▶ **Data extracts**:
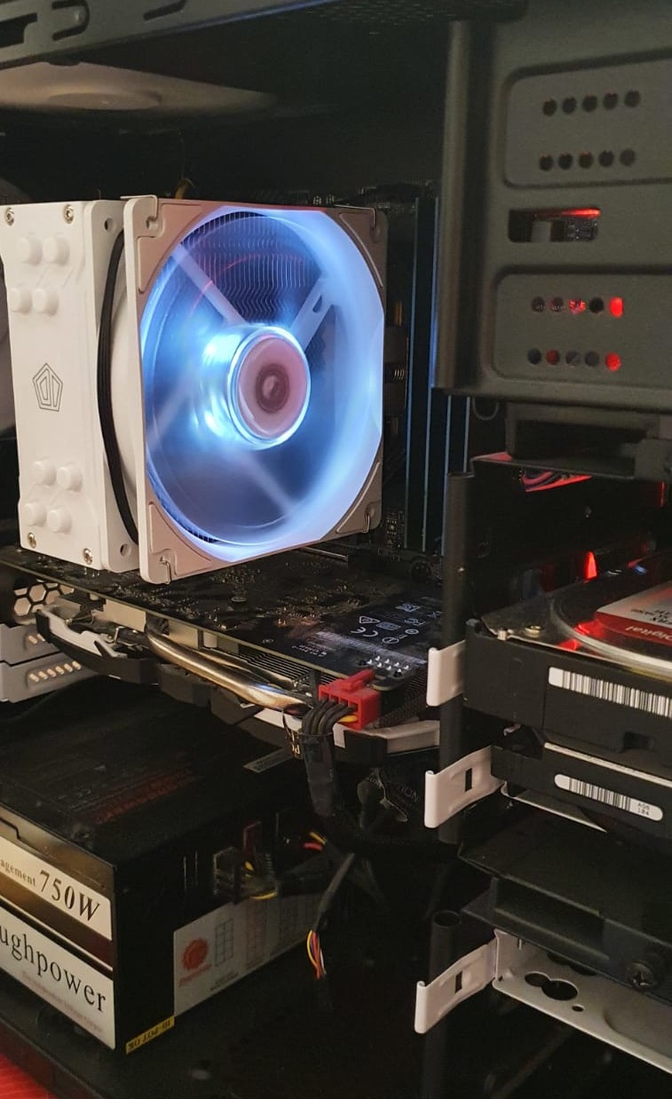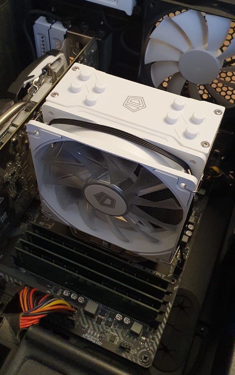 Данный кулер трудится над охлаждением процессора Ryzen 4750G в корпусе mini-ITX. Судя по всему для этого он избыточен, но как следствие, оооооооочень тихий. Белый цвет кулера отлично дополняет белые вентиляторы корпуса Fractal Design. Ещё бы подсветка отключалась... Собран кулер добротно, сверху имеется декоративная пластиковая накладка, имеет очень простое крепление вентилятора, легко устанавливается на АМ4 сокет. Дизайн, бесшумность, производительность. Термопасту сразу в форточку |
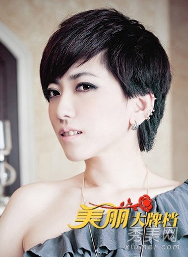 留着中性且干练的短发,发型师想突出刘新爽的一面。设计师为她的眉毛设计了一个浓眉。眼线贴近眼睑勾勒出眼睛轮廓,充分发挥了双眼皮的优势。较低的眼线是深灰色,类似于小烟妆的效果,突出眼睛的外观和野心。为了突出中性的一面,不使用太明显的腮红,唇彩也选择了接近嘴唇颜色的浅肉色,尽可能自然,以便将妆集中在眼睛上。
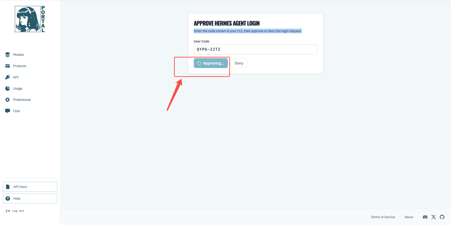 这个页面会显示一个 User Code(设备验证码)。在点击确认之前,请务必核对一下:页面上显示的 Code 是否与你终端中显示的一致。这是为了确保你授权的是自己的 Hermes 实例,而不是其他人的设备。
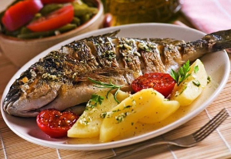 سمك الدنيس بالفرن المكون من سمك الدنيس وبلح البحر، مطهو داخل ورق الشواء مع البرغل، والشمرة، والكبر، وسمك الأنشوفة، والمزين بصلصة أرابياتا الحارة – بقيمة 75 درهم.
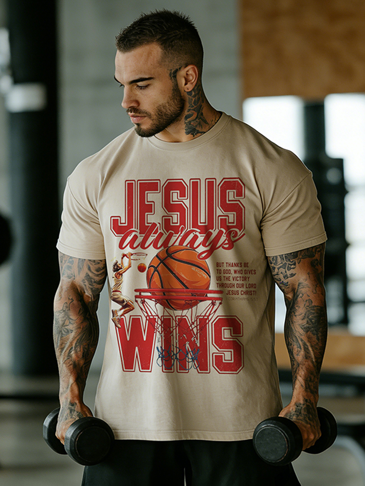 Pluslx Jesus Always Wins Basketball Graphic Cotton 220g Short Sleeved T-shirt

▶ **Exercise aim**: Reproduce all the entries that precede this task, word for word, minus any pictures.

▶ **Reply**:
 Данный кулер трудится над охлаждением процессора Ryzen 4750G в корпусе mini-ITX. Судя по всему для этого он избыточен, но как следствие, оооооооочень тихий. Белый цвет кулера отлично дополняет белые вентиляторы корпуса Fractal Design. Ещё бы подсветка отключалась... Собран кулер добротно, сверху имеется декоративная пластиковая накладка, имеет очень простое крепление вентилятора, легко устанавливается на АМ4 сокет. Дизайн, бесшумность, производительность. Термопасту сразу в форточку |
 留着中性且干练的短发,发型师想突出刘新爽的一面。设计师为她的眉毛设计了一个浓眉。眼线贴近眼睑勾勒出眼睛轮廓,充分发挥了双眼皮的优势。较低的眼线是深灰色,类似于小烟妆的效果,突出眼睛的外观和野心。为了突出中性的一面,不使用太明显的腮红,唇彩也选择了接近嘴唇颜色的浅肉色,尽可能自然,以便将妆集中在眼睛上。
 这个页面会显示一个 User Code(设备验证码)。在点击确认之前,请务必核对一下:页面上显示的 Code 是否与你终端中显示的一致。这是为了确保你授权的是自己的 Hermes 实例,而不是其他人的设备。
 سمك الدنيس بالفرن المكون من سمك الدنيس وبلح البحر، مطهو داخل ورق الشواء مع البرغل، والشمرة، والكبر، وسمك الأنشوفة، والمزين بصلصة أرابياتا الحارة – بقيمة 75 درهم.
 Pluslx Jesus Always Wins Basketball Graphic Cotton 220g Short Sleeved T-shirt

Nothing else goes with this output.